ABOUT THIS EXERCISE
Repeat the records exactly as given. Do not include the pictures.

(Data entries)

**********

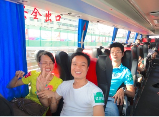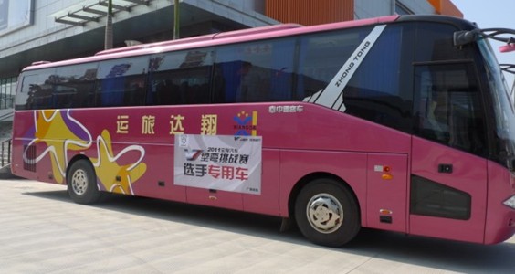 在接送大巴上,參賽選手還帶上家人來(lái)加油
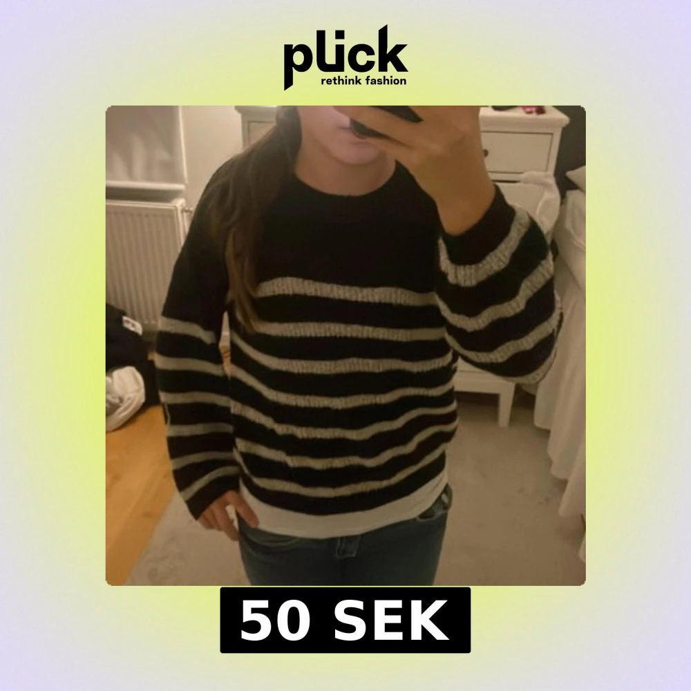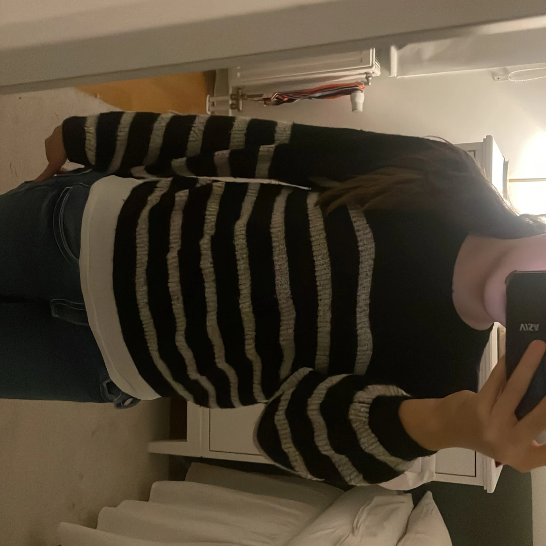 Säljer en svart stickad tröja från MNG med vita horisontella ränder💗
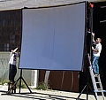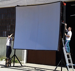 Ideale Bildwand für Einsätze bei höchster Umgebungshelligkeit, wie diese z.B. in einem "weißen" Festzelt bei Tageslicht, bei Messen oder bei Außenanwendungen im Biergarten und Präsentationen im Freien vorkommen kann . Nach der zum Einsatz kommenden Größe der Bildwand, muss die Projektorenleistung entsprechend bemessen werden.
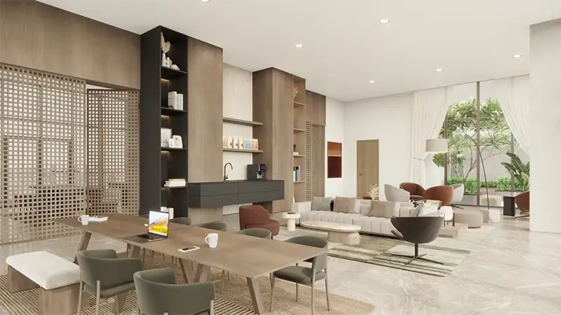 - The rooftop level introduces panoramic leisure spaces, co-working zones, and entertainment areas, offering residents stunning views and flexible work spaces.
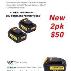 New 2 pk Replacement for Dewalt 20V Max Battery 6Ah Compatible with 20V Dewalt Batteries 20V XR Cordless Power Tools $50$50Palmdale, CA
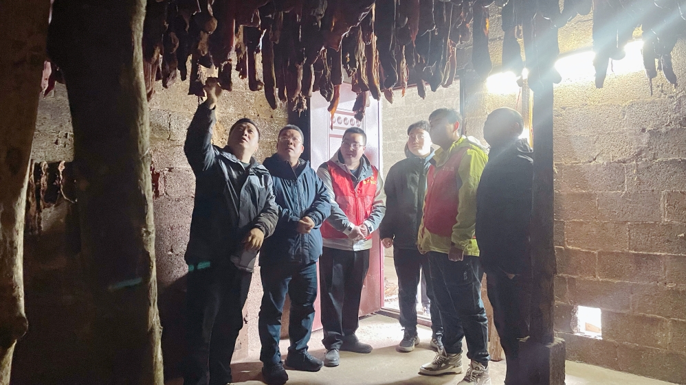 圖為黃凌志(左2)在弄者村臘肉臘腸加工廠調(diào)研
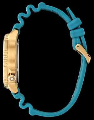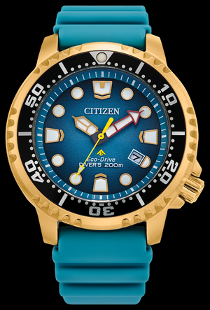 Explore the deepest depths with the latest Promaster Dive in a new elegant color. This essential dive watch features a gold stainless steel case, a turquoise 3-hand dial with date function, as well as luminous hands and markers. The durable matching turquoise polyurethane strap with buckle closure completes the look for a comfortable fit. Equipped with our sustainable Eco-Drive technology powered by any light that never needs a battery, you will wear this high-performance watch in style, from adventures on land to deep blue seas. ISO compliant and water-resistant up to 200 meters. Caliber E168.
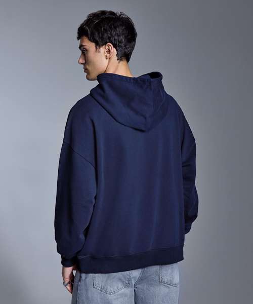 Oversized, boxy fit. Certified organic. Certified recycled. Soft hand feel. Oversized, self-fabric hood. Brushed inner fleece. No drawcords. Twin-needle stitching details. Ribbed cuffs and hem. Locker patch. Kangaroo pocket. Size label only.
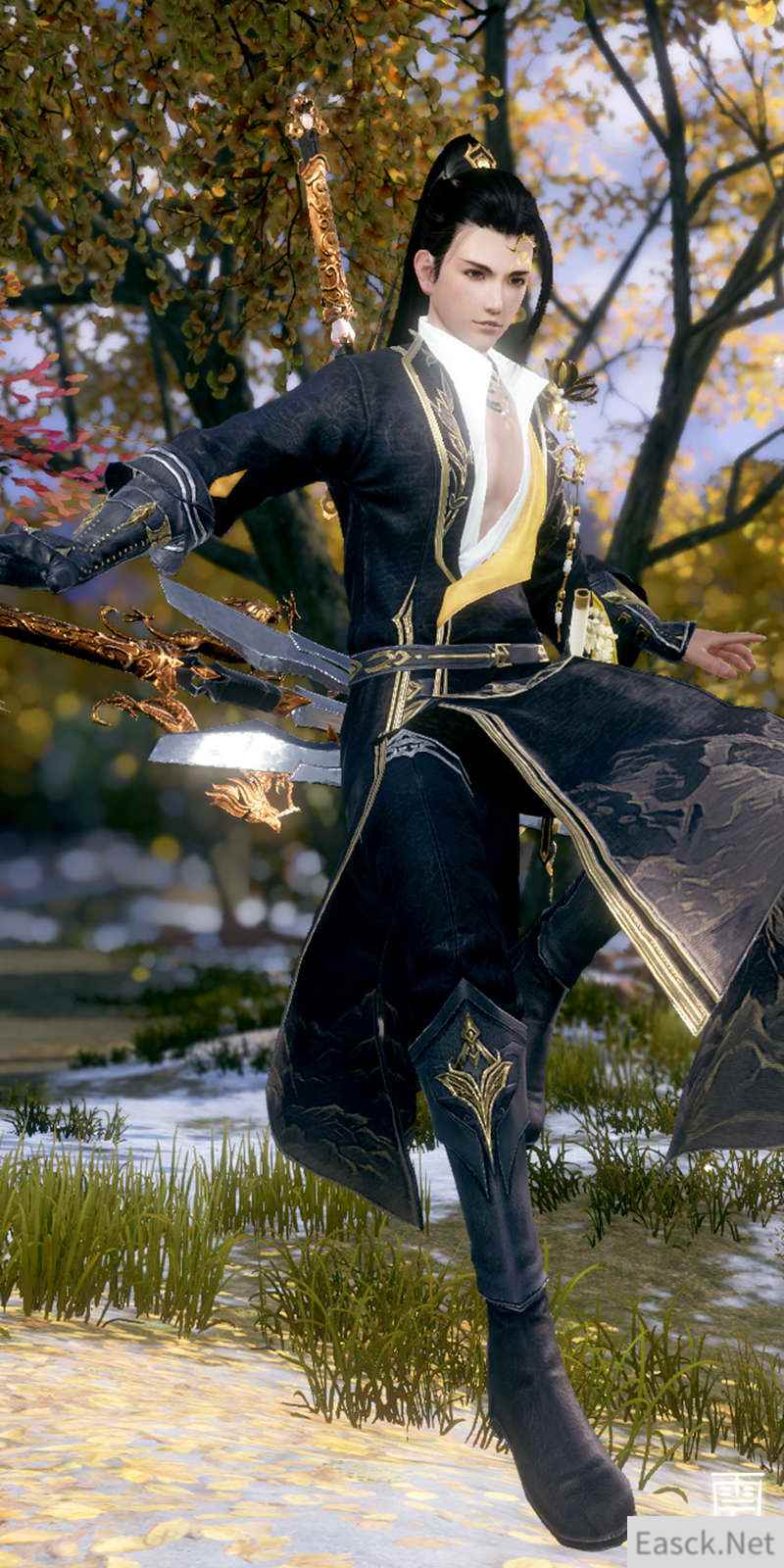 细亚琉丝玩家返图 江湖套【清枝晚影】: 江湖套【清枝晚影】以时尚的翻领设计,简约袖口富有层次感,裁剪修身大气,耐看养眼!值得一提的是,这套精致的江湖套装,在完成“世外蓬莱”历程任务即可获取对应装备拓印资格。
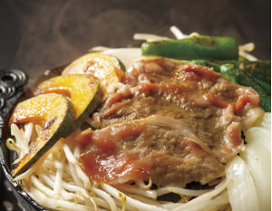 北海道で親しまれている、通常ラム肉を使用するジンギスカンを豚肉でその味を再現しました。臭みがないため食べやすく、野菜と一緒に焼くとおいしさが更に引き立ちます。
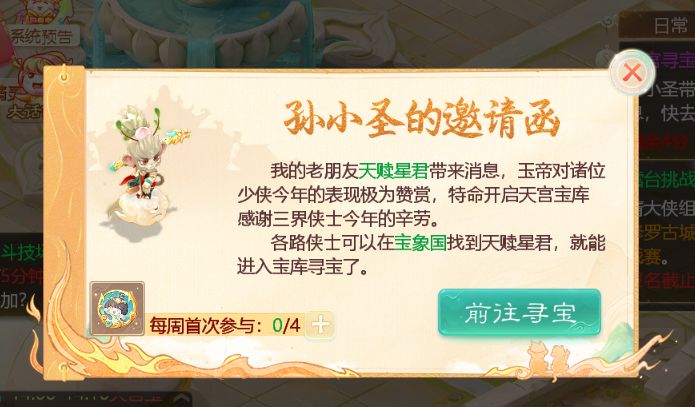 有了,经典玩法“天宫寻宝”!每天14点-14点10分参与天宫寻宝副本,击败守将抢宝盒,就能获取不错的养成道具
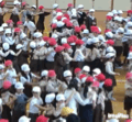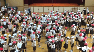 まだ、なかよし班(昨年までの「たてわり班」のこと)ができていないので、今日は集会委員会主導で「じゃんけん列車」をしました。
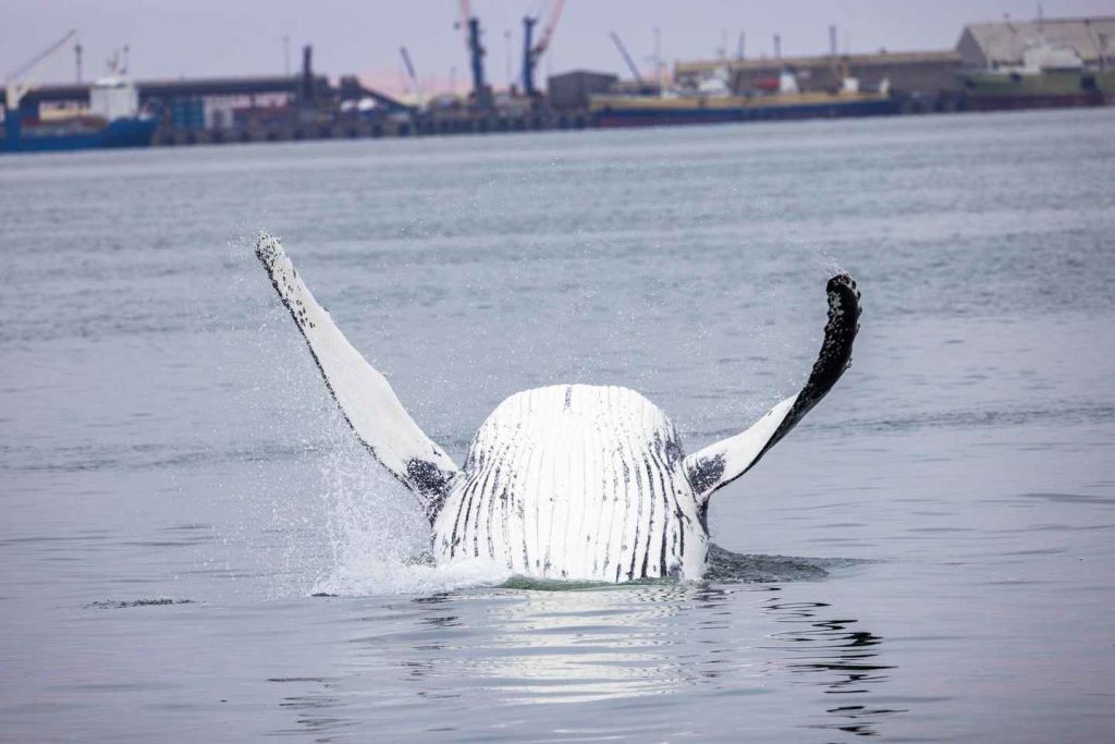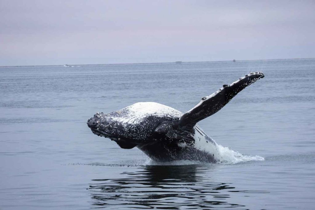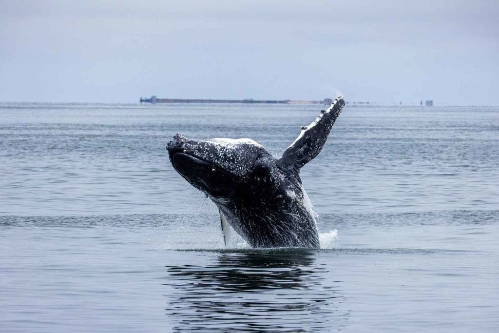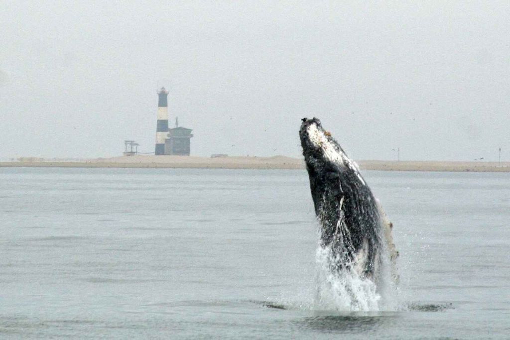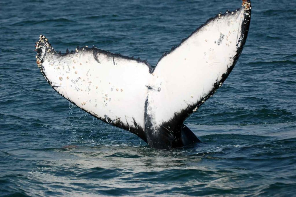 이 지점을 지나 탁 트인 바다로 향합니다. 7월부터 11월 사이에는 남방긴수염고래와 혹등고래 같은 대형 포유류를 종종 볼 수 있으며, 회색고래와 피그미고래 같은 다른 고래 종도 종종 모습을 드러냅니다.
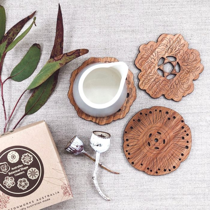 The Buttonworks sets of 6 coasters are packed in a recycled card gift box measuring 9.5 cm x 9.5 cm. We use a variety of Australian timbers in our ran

**********

SOLUTION TO THE EXERCISE
 在接送大巴上,參賽選手還帶上家人來(lái)加油
 Säljer en svart stickad tröja från MNG med vita horisontella ränder💗
 Ideale Bildwand für Einsätze bei höchster Umgebungshelligkeit, wie diese z.B. in einem "weißen" Festzelt bei Tageslicht, bei Messen oder bei Außenanwendungen im Biergarten und Präsentationen im Freien vorkommen kann . Nach der zum Einsatz kommenden Größe der Bildwand, muss die Projektorenleistung entsprechend bemessen werden.
 - The rooftop level introduces panoramic leisure spaces, co-working zones, and entertainment areas, offering residents stunning views and flexible work spaces.
 New 2 pk Replacement for Dewalt 20V Max Battery 6Ah Compatible with 20V Dewalt Batteries 20V XR Cordless Power Tools $50$50Palmdale, CA
 圖為黃凌志(左2)在弄者村臘肉臘腸加工廠調(diào)研
 Explore the deepest depths with the latest Promaster Dive in a new elegant color. This essential dive watch features a gold stainless steel case, a turquoise 3-hand dial with date function, as well as luminous hands and markers. The durable matching turquoise polyurethane strap with buckle closure completes the look for a comfortable fit. Equipped with our sustainable Eco-Drive technology powered by any light that never needs a battery, you will wear this high-performance watch in style, from adventures on land to deep blue seas. ISO compliant and water-resistant up to 200 meters. Caliber E168.
 Oversized, boxy fit. Certified organic. Certified recycled. Soft hand feel. Oversized, self-fabric hood. Brushed inner fleece. No drawcords. Twin-needle stitching details. Ribbed cuffs and hem. Locker patch. Kangaroo pocket. Size label only.
 细亚琉丝玩家返图 江湖套【清枝晚影】: 江湖套【清枝晚影】以时尚的翻领设计,简约袖口富有层次感,裁剪修身大气,耐看养眼!值得一提的是,这套精致的江湖套装,在完成“世外蓬莱”历程任务即可获取对应装备拓印资格。
 北海道で親しまれている、通常ラム肉を使用するジンギスカンを豚肉でその味を再現しました。臭みがないため食べやすく、野菜と一緒に焼くとおいしさが更に引き立ちます。
 有了,经典玩法“天宫寻宝”!每天14点-14点10分参与天宫寻宝副本,击败守将抢宝盒,就能获取不错的养成道具
 まだ、なかよし班(昨年までの「たてわり班」のこと)ができていないので、今日は集会委員会主導で「じゃんけん列車」をしました。
 이 지점을 지나 탁 트인 바다로 향합니다. 7월부터 11월 사이에는 남방긴수염고래와 혹등고래 같은 대형 포유류를 종종 볼 수 있으며, 회색고래와 피그미고래 같은 다른 고래 종도 종종 모습을 드러냅니다.
 The Buttonworks sets of 6 coasters are packed in a recycled card gift box measuring 9.5 cm x 9.5 cm. We use a variety of Australian timbers in our ran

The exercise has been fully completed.